Embarquei. Do meu lado, um casal tomava conta dos filhos, acomodados nas poltronas da frente. Os pequenos riam e faziam bagunça e, quando um deles, de cabelos bem loiros e bochechas rosadas virou para trás e sorriu para mim, deu-me a oportunidade de olhar para seus pais e puxar uma breve convsersa.
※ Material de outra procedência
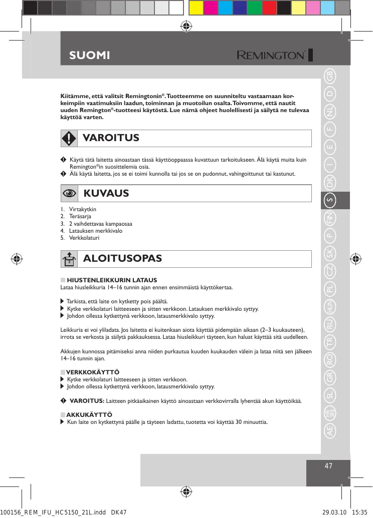 PALOVAMMOJEN, SÄHKÖISKUJEN,TULIPALOJEN JA HENKILÖVAHINKOJEN VÄLTTÄMISEKSI: Älä jätä laitetta ilman valvontaa sen ollessa kytkettynä virtalähteeseen. Pidä pistoke ja virtajohto poissa kuumien pintojen läheisyydestä. Huolehdi siitä, että pistoke ja virtajohto eivät pääse kastumaan. Älä kytke laitetta verkkoon tai irrota sitä verkosta märin käsin. Älä käytä laitetta, jos sen virtajohto on vahingoittunut.Vaihto-osan voit hankkia lähimmästä Remington®-huoltoliikkeestä. Lataa, käytä ja säilytä laitetta 15°C – 35°C lämpötilassa. Irrota laite aina verkosta puhdistuksen ajaksi. Käytä ainoastaan laitteen mukana toimitettuja osia. Tätä rajainta ei voi pestä. Laitteen tippuessa vahingossa veteen varmista ennen siihen koskemista, ettei se saa virtaa pistorasiasta. Pidä laite poissa lasten ulottuvilta. Helposti haavoittuvien ihmisten on noudatettava erityistä huolellisuutta, ja he voivat tarvita apua tuotteen käytössä.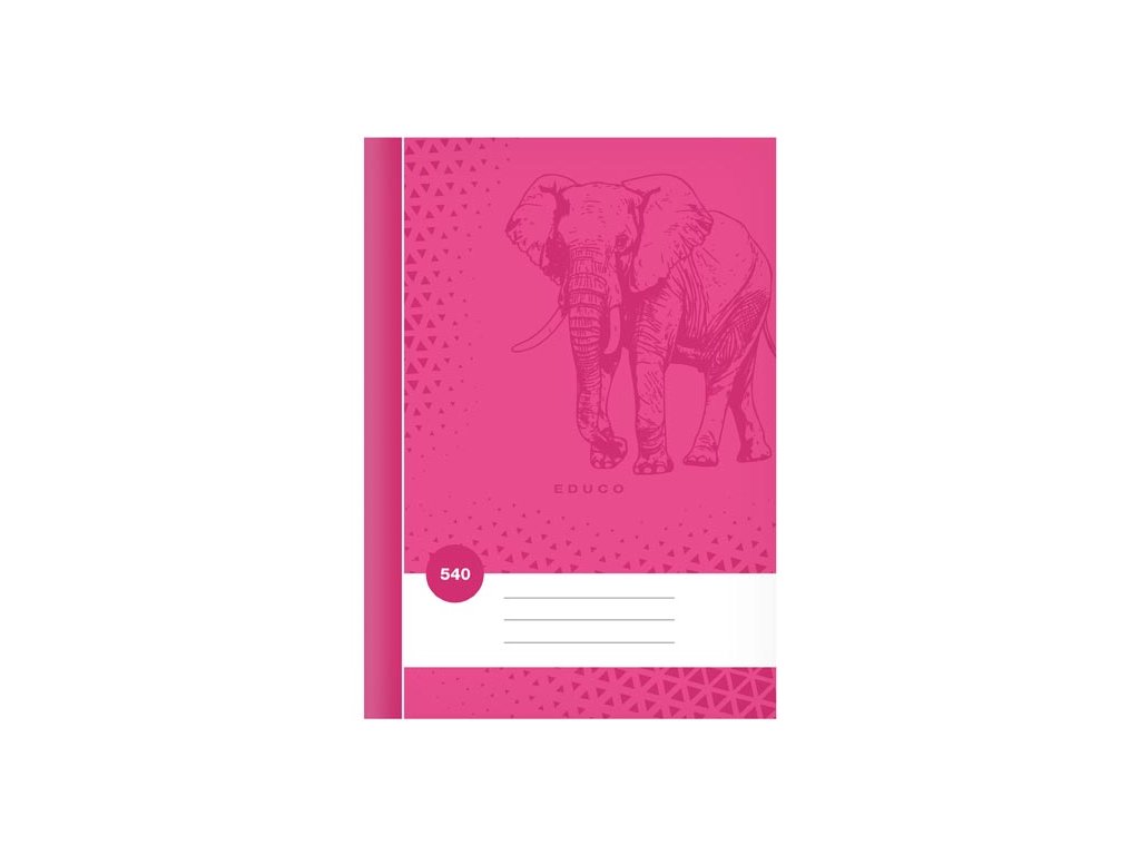 Školní sešit čistý bez linek ve formátu A5, v sytě růžové barvě, s motivem slona, v deskách z křídového papíru.Typ: 540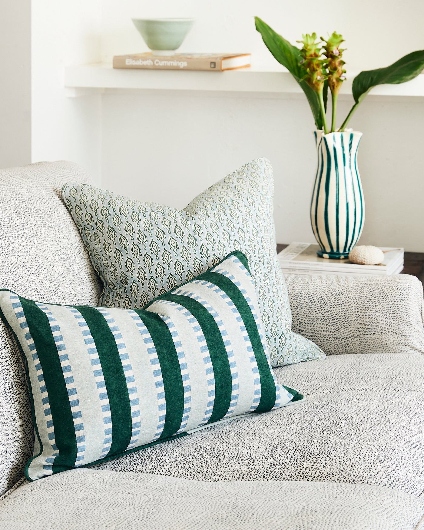 Add some depth of colour to your room with our Malabar cushion. Featuring a simple and striking buti motif, Malabar has been hand block printed by skilled artisans.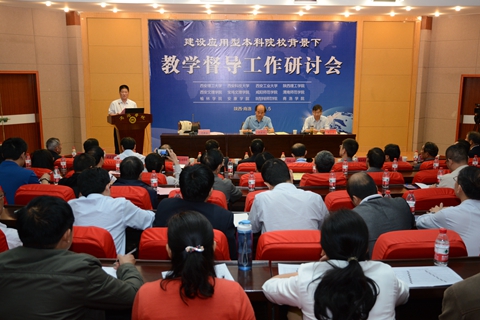 5月21日,由我校組織舉辦的“建設(shè)應(yīng)用型本科院校背景下教學(xué)督導(dǎo)工作研討會(huì)”在圖書館一樓報(bào)告廳召開。西安理工大學(xué)、西安科技大學(xué)、陜西理工學(xué)院、西安文理學(xué)院、寶雞文理學(xué)院等全省11所高校的教學(xué)督導(dǎo)專家齊聚我校,交流教學(xué)督導(dǎo)工作經(jīng)驗(yàn),探討在建設(shè)應(yīng)用型本科院校背景下督導(dǎo)工作對(duì)構(gòu)建、完善本科教學(xué)質(zhì)量保障體系和提升教學(xué)質(zhì)量的意義。校黨委書記、校長(zhǎng)劉建林出席研討會(huì)并致辭。西安科技大學(xué)副校長(zhǎng)韓江水出席研討會(huì)并作題為《審核評(píng)估與教學(xué)督導(dǎo)》的主題報(bào)告。研討會(huì)由校黨委副書記、副校長(zhǎng)范新會(huì)主持。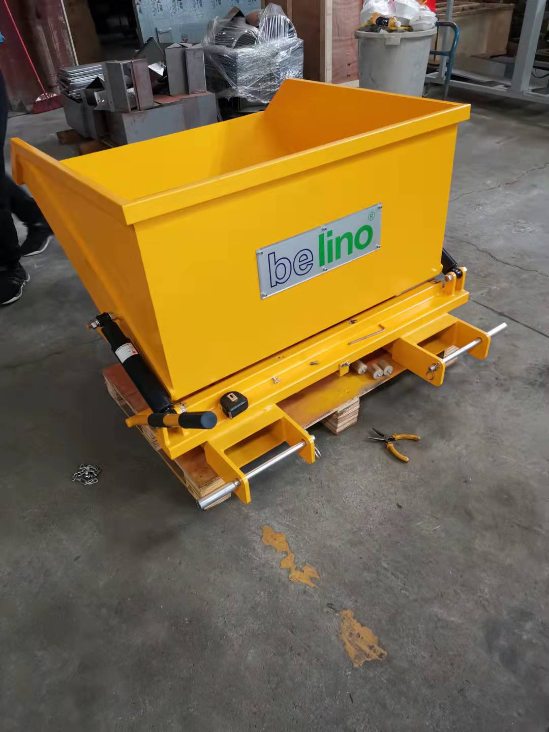 The release mechanism is activated by the forklift operator pulling the draw rope the driver's seat. The custom-built shock absorber prevents impact forces being transmitted to the forklift during emptying.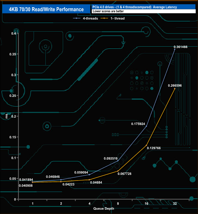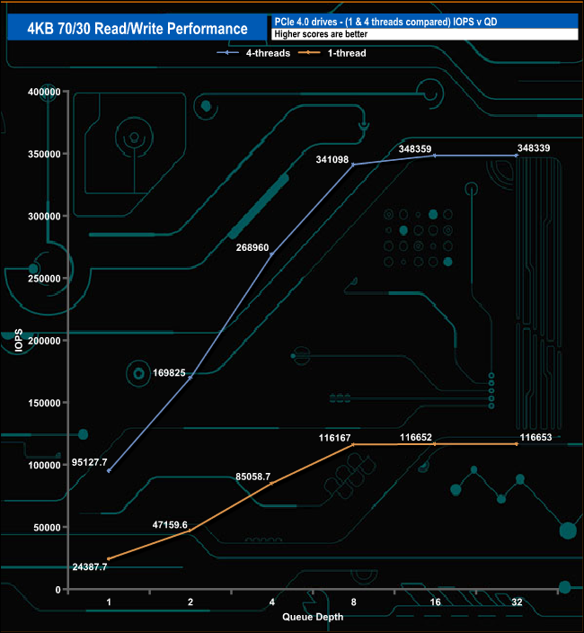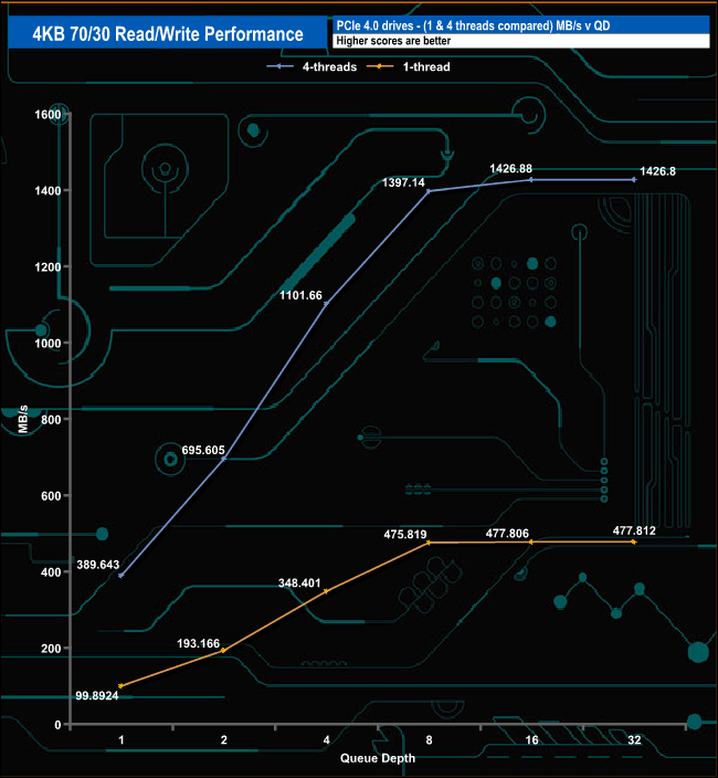 We used CrystalDiskMark 8’s custom settings to test the 4K 70/30 mixed read/write performance of the drive through a range of queue depths using a single thread and four threads.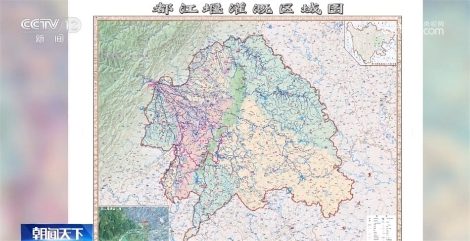 四川省都江堰水利發(fā)展中心副主任 吳鑒:這幅圖是在新中國成立之前的一張都江堰灌溉的平面圖。從圖上可以顯示,(當時)整個都江堰只灌溉了14個縣282萬畝的農田。這是我們今年新繪制的都江堰灌溉區(qū)域圖。從這個圖上可以看到,以都江堰作為頂沖點,整個都江堰灌區(qū)變得更大了,扇面進一步擴大了。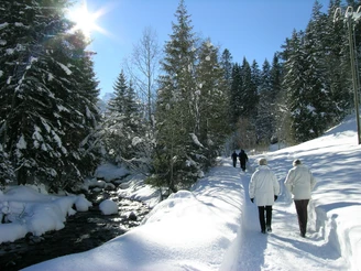 On a wide, well-prepared path, it follows the young Engstlige. The stream is partially covered with ice and snow in midwinter, while in other places it bubbles happily open. The path is mostly flat; occasionally some slight ascents must be overcome. Bir Mühli, in the Boden area, the road is underpassed (junction option to Boden–Fuhren–Adelboden, 1h30). Over Bir Brücke, the riverside path continues on the western side of the Engstlige. Only in the Roufmatta area is the stream crossed on a pretty wooden bridge. The path runs for almost 200 m on a lightly trafficked small road and then leads directly into the forest, where it rises slightly a bit away from the stream. Finally, it goes along the cross-country ski trail uphill to Unter dem Birg.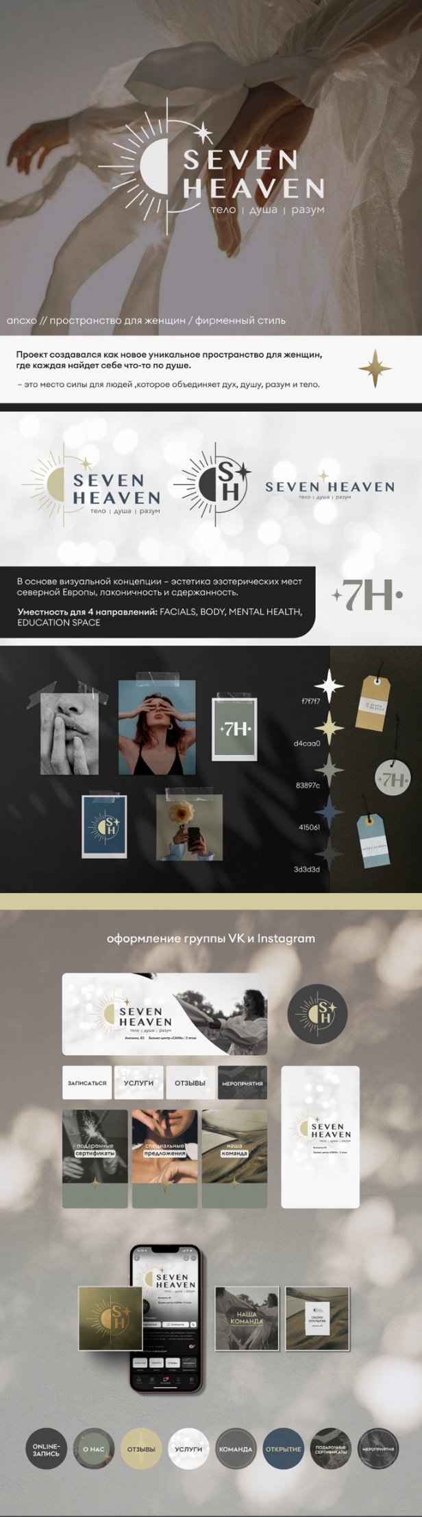 К нам обратилась предприниматель, которая собиралась открывать свое женское пространство с космологическими процедурами, практиками и девичниками. Название было уже выбрано - Seven Heaven. Нашему агентству было необходимо отразить позиционирование будущего пространства в фирменном стиле.
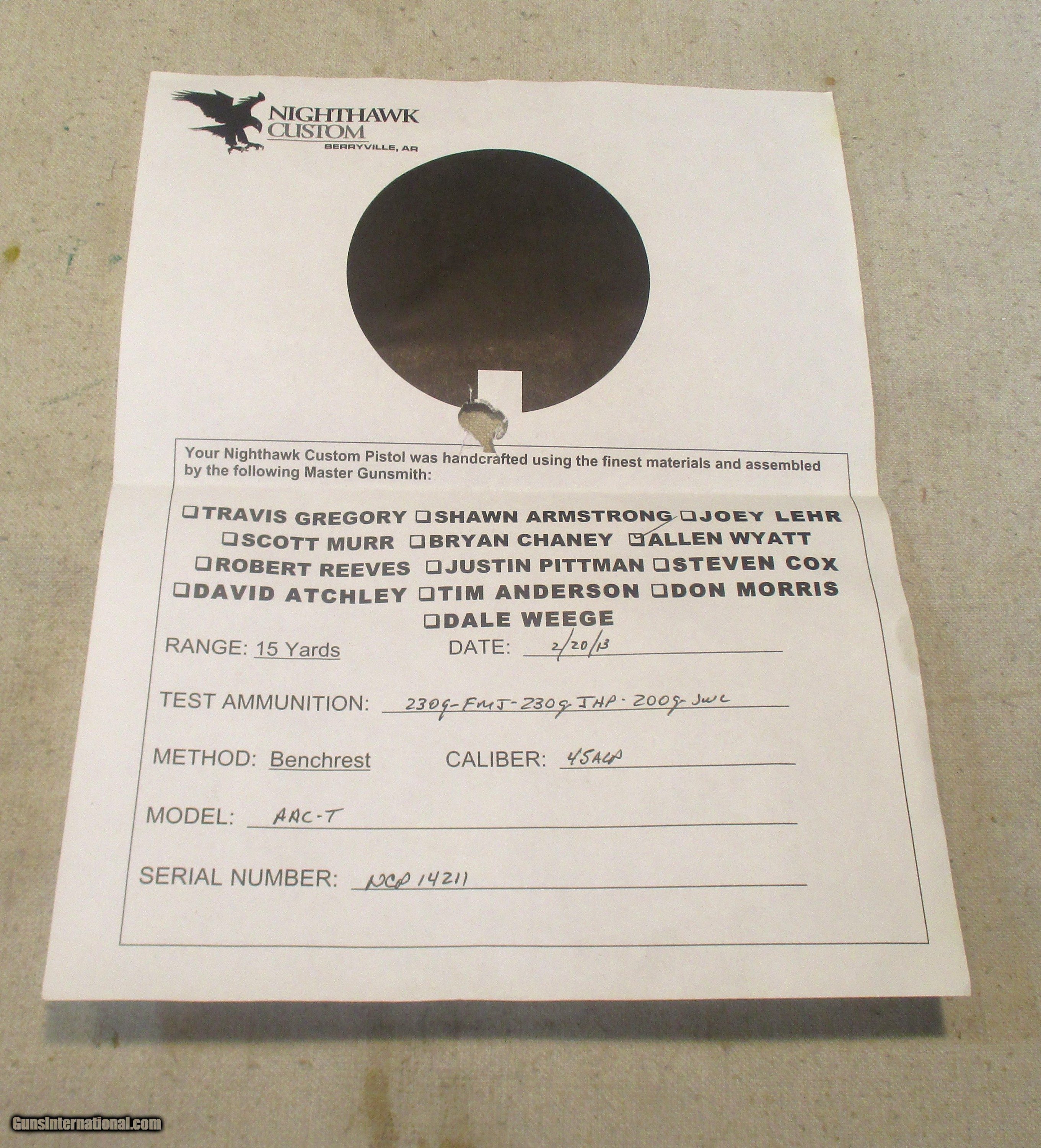 Description: NightHawk Custom 1911 Recon AAC-T .45ACP Semi-Automatic Pistol with 5.5” barrel comes with steel threaded protector to protect your barrel when suppressor not in use, Checkered grips with NIghtHawk Logo, Black Nitride Finish, and Trijicon HD night sights. Price: $3,499 Or Best Offer Listing Includes: Pistol Two 8-Round Magazines Trijicon Sights User Manual NightHawk Zippered Soft Case Condition: Like New Customer Service is available Monday - Friday 10 AM to 5 PM Central Time, to answer questions and emails. Reserve prices are not disclosed, so don't ask. Layaway is not offered. Shipping available only within the lower 48 states. Please Do NOT accept any form of communication from a text message or a phone call other than the phone call listed for our business on . Accepted forms of payment are all major credit cards, cash (Wire Transfer), money order, Cashiers/Teller/Certified Check or personal check. Items are held for 10 business days for all forms of payment except USPS money orders and credit cards. We DO NOT accept Paypal. For items $3000 and over, credit card payments will not be accepted; please call office for additional instructions (additional $10 charge) or you may pay through the mail using a U.S. Postal Money Order. Shipping available within the United States only (NO shipping for firearms and ammunition to California); shipping is available to Alaska and Hawaii for an additional charge. Shipping rates will vary based on final sale value, and include ground rates with insurance and signature. Local pickup is available Monday - Friday, from 10 AM to 5 PM. ALL firearms must be transfered to buyer within 90 days or firearms will be relisted for sale. A valid FFL is required for most transactions (C&R Type 3 FFL's are not accepted, NO EXCEPTIONS), and a file copy of the seller FFL will be shipped with the item. Non FFL transactions require a copy of a valid Government or State issued identification card. We do our best to show everything in the pictures so you know exactly what you are getting. Check out our feedback & purchase with confidence. Used firearms carry a 30 days inspection period; to fire, feed, eject, and otherwise function as the manufacturer intended. In the event of a defect, we will either, AT OUR OPTION, repair the firearm at no charge or issue a refund for the purchase less 20% restock fee. This warranty explicitly does not cover returns for any other reason(s), and does not apply to firearms that are sold as non-firing, or for parts or repair (Inquire with manufacturers to verify any warranties they may offer on NEW items). Returns are only accepted on a case by case basis depending on the circumstances, and items will be inspected and tested per customer complaint prior to issuing a refund. A 20% restocking fee will be charged on all returned or incomplete sells. Please ask for additional information or more photos before purchasing if you're unsure. Buyers are solely responsible for determining the safety of items purchased. No firearm should be fired without having the weapon initially inspected by a qualified gunsmith. The firearms offered have NOT been TEST FIRED unless otherwise stated, but have been given a visual inspection for sale purposes only. We are not gunsmiths and can sometimes miss things. It is recommended that buyers have all firearms inspected by a competent gunsmith prior to use. Ammunition should be used only in well maintained firearms that are in good condition, and are designed for modern ammunition. To avoid injury: (1) Make sure that the correct cartridge for the firearm is being used, (2) Always wear eye protection, (3) Keep the barrel free of obstructions, (4) If a misfire occurs, keep the muzzle pointed in a safe direction and use care in unloading. Ammunition may contain Lead. Buyers are solely responsible for their awareness of and compliance with all laws and regulations in their state of residence regarding firearms, ammunition, magazines, accessories, and blades. By purchasing, buyer agrees to release seller from all liability, whether criminal or civil, arising from the purchase, ownership, possession, or use or misuse of items, and against damages, injury or death caused by use or misuse, or defective merchandise. Please use trigger locks appropriately, and securely lock up firearms and ammunition in a safe location away from children when not in use. Thank you for your interest & please check out my other listings. SOLD Serial Number: NCP14211 |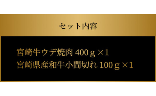 宮崎牛 ウデ焼肉400g 宮崎県産和牛小間切れ100g  K18_0025_7 1211928 - 宮崎県木城町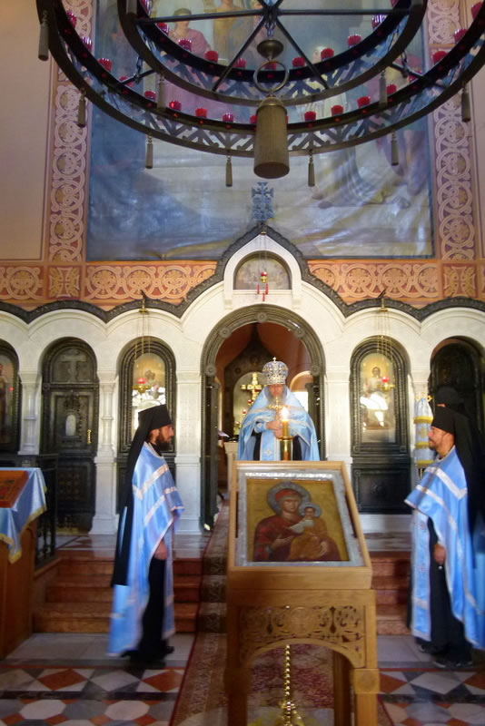 Всенощное бдение и Божественную литургию возглавил Начальник Духовной Миссии Русской Зарубежной Церкви в Иерусалиме архимандрит Роман (Красовский). Ему сослужили клирики миссии иеромонахи Мисаил (Минин) и иеромонах Феодор (Кирикэ), при иеродиаконе Герасиме (Котовском).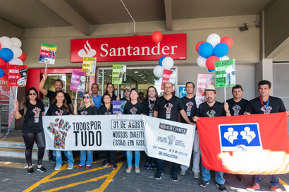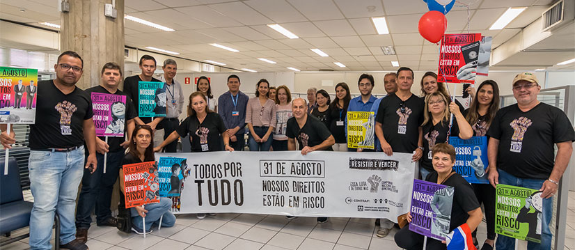 Com o slogan “Todos por Tudo”, o Sindicato dos Bancários de Campo Grande-MS e Região lançou, nesta quinta-feira (21), a Campanha Nacional dos Bancários 2018. O ato teve início às 9h na agência do Bradesco, localizada na esquina das ruas Cândido Mariano com 13 de maio.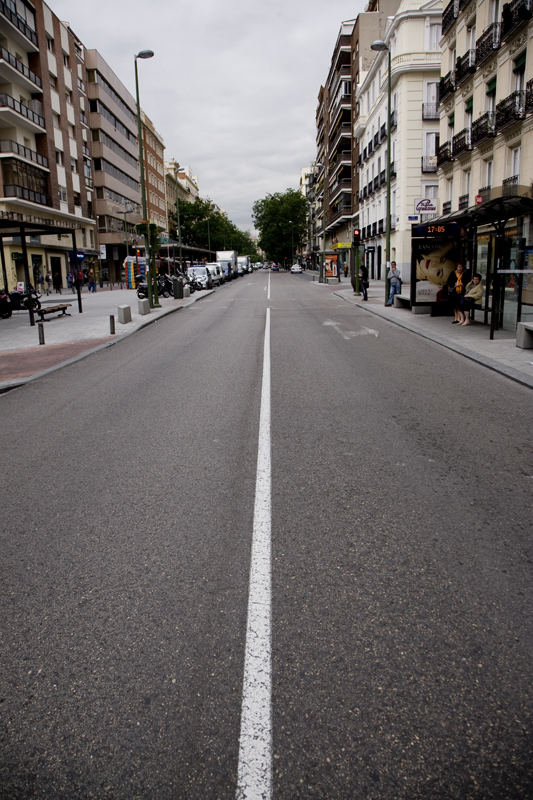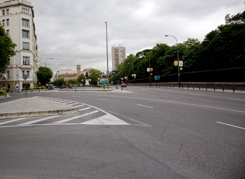 Entre Marqués del Duero y Colón la Castellana bajaba (y subía) totalmente vacía poco antes de las cinco de la tarde. Ni los domingos.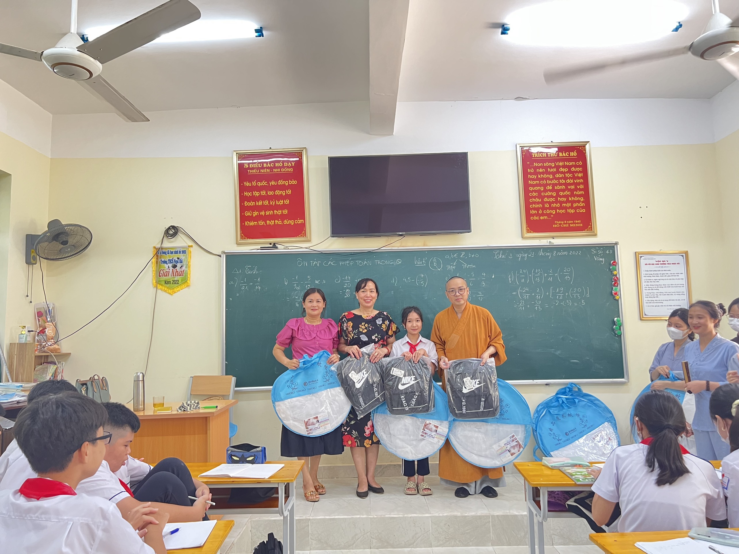 Trên tinh thần Từ bi - Cứu khổ - Ban vui của Đạo Phật, nhân dịp chuẩn bị bước vào năm học mới, Đại đức Thích Giác Hiệu đã trao 10 phần quà cho các em học sinh nghèo vượt khó, mỗi phần quà có giá trị 500 ngàn đồng bao gồm 1 chiếc cặp sách và 1 chiếc màn khung nhằm động viên, khích lệ các cháu học sinh trong học tập.

Contaram que estavam voltando das férias na Argentina. Ele era brtiânico e ela ‘hermana’.

A conversa durou poucos segundos, e retornei para meu mundo. Sentada na janela, pude ver quando o avião subiu e um azul diferente cortou o céu. Era o espaço, a vida ficando para trás.

Deu meia noite. A pequena tela à minha frente mostrou fogos de artíficio coloridos, e uma mensagem de feliz 2007. Para mim nao era apenas um novo ano que comecava. Era uma nova vida.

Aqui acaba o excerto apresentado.